Юрий Козлов - Реформатор
Христос не давал Никите никакого знака, как если бы вдруг решил прислушаться к кощунственным речам Саввы.
Никита подумал, что суть и смысл жизни, а следовательно и меры (как составной части жизни) как раз в том и заключается, что белоснежно-золотой лавровый Христос будет вечно въезжать на осле в Иерусалим, осыпаемый лепестками роз и масличными зернами. Савва будет вечно сомневаться в ценностях христианства, искать растворенную в мире, как соль в океане, суть (цену) меры. А он, Никита, будет вечно не знать куда (мысленно) податься, как Буриданов (не тот, на котором Иисус въезжал в Иерусалим) осел. Но чтобы Савва мог вечно сомневаться, а Никита — вечно не знать куда (мысленно) податься, Иисус будет вечно страдать на кресте, вмещая в свое страдание и Саввино сомнение, и Никитино мысленное (Буриданово) размышление, и вообще все, что уже совершили и еще совершат люди.
Не сказать, чтобы его обрадовало подобное открытие.

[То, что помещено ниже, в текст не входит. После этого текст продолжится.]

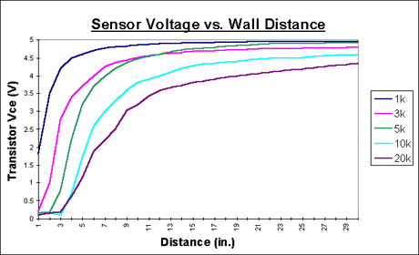 The project nature requires that the sensors have good resolution at relatively close ranges. Although the 10k and 20k Ohm resistors gave a smooth range of values between 3 and approximately 16 inches, it was decided that a low-range cut-off of 3 inches would not suffice. The 5k Ohm resistor performed better in that it gave a lower cut-off point of approximately 2 inches, while the 1k Ohm resistor failed to detect the wall at approximately 5 inches. The measurements show that a 3k Ohm resistor provides the perfect bias: A moderately smooth change in transistor voltage occur between 1.5 and 8 inches. Because the critical robot movements occur in the 18 inch-wide hallways and the robot is 12 inches wide, the side sensors will be able to accurately determine the distance to each wall.
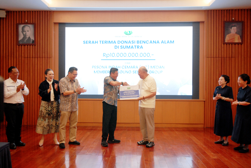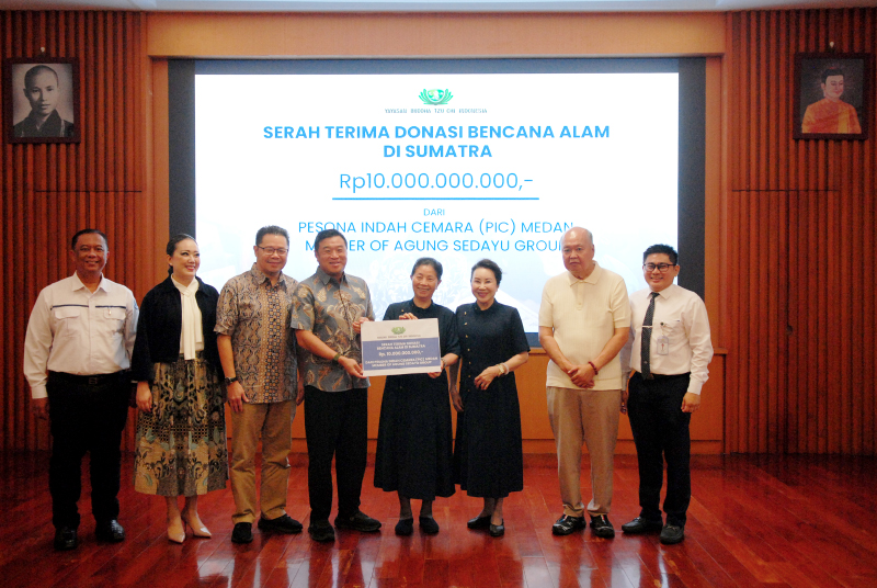 Richard Halim Kusuma, CEO Agung Sedayu Group sekaligus pimpinan Pesona Indah Cemara Medan bersama jajaran secara resmi memberikan donasi sebesar Rp 10 Miliar kepada Liu Su Mei, Ketua Yayasan Buddha Tzu Chi Indonesia, untuk mendukung pembangunan hunian tetap bagi korban bencana di Sumatera.
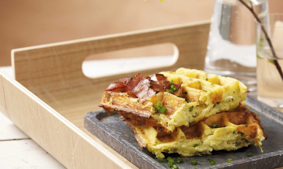 Des gaufres salées au bons produits montagnards ; pommes de terre, jambon cru et reblochon.
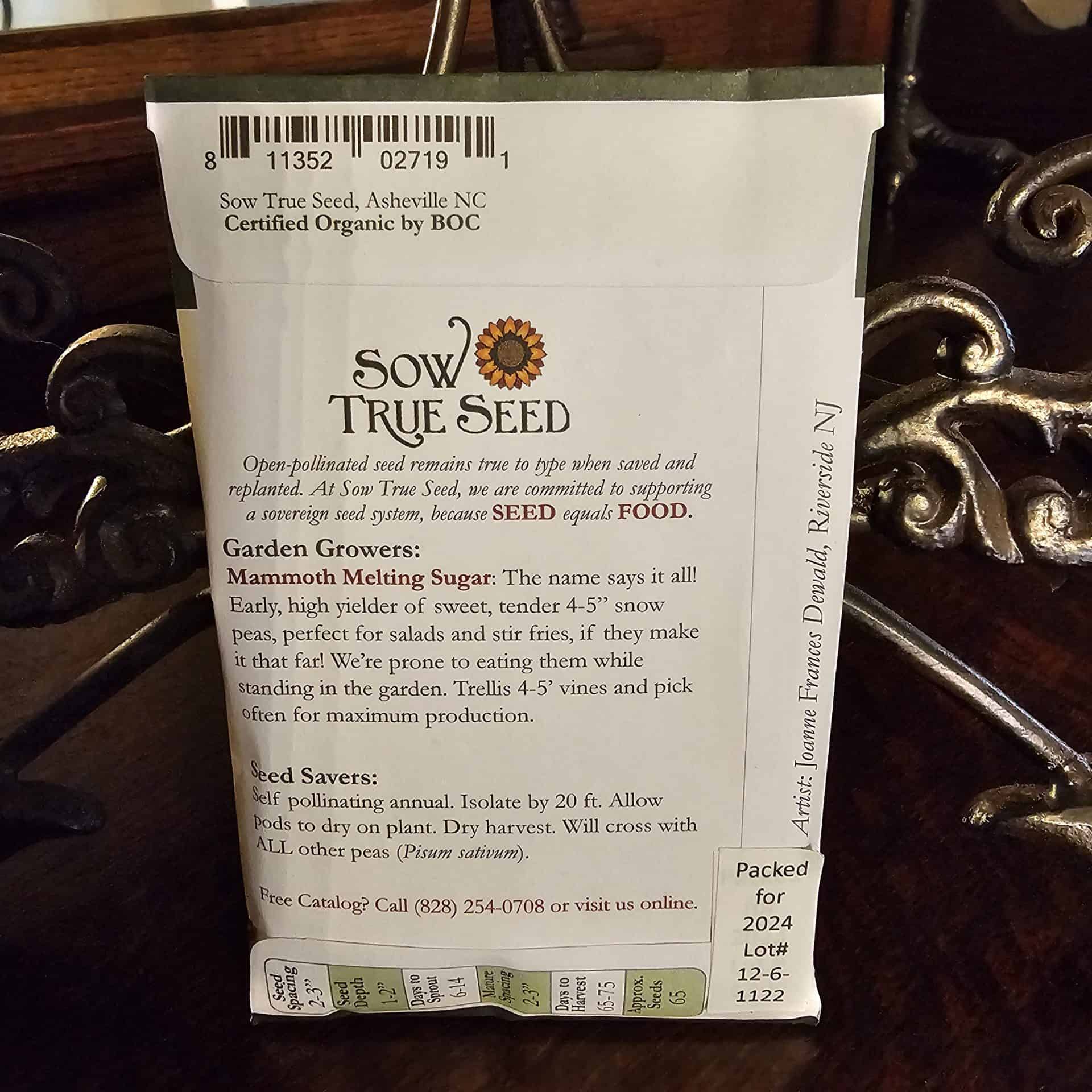 Oh, why say anything else with a name as wonderful as that? Early, high yielder of sweet, tender 4-5″ snow peas. Trellis 4-5′ vines for maximum production.

Никита ощутил себя (умственно) блудным, обманывающим Небесного Отца сыном.
В то же время ему не отделаться было от мысли, что Небесный Отец далеко, что Промысел Его терпит сбои, как компьютерная программа, которую со всех сторон атакуют обезумевшие хакеры.
«Суть и цена меры в том, — безуспешно попытался распрямить свою свечу Савва, — чтобы поймать и скорректировать движение маятника. Историей руководят ловцы, корректировщики маятника, предлагающие людям взамен обветшавшей, прохудившейся, не выполняющей возложенных на нее функций, прежней меры, новую, более совершенную, которой можно измерить все, включая СПИД, компьютерные вирусы, коровье бешенство, место и роль Господа Бога в бытии человечества и отдельно взятой личности».
«Равно как и капитал, собственность, социальную справедливость и государственное устройство, — добавил Никита. — Причем так, чтобы ловцу, корректировщику отвалилось по полной».
«Разве можно обвинять занятую приготовлением обеда кухарку в том, что она возьмет да съест приглянувшийся кусочек?» — рассмеялся, нисколько не обидевшись, Савва.
Никита хотел возразить, что маятник незачем ловить, потому что уловление, корректировка маятника предполагает нарушение его естественного движения. И, стало быть, это не управление историей, а ее торможение, перевод (сугубо временный и крайне для большинства людей болезненный) на рельсы, ведущие в никуда. Но ведь, спохватился Никита, и Иисус в свое время скорректировал движение маятника. Получается, что корректировка может быть как правильной, в смысле единственно возможной, так и ложной, когда из всех зол выбирается худшее, или все (почему зло не имеет множественного числа?) сразу?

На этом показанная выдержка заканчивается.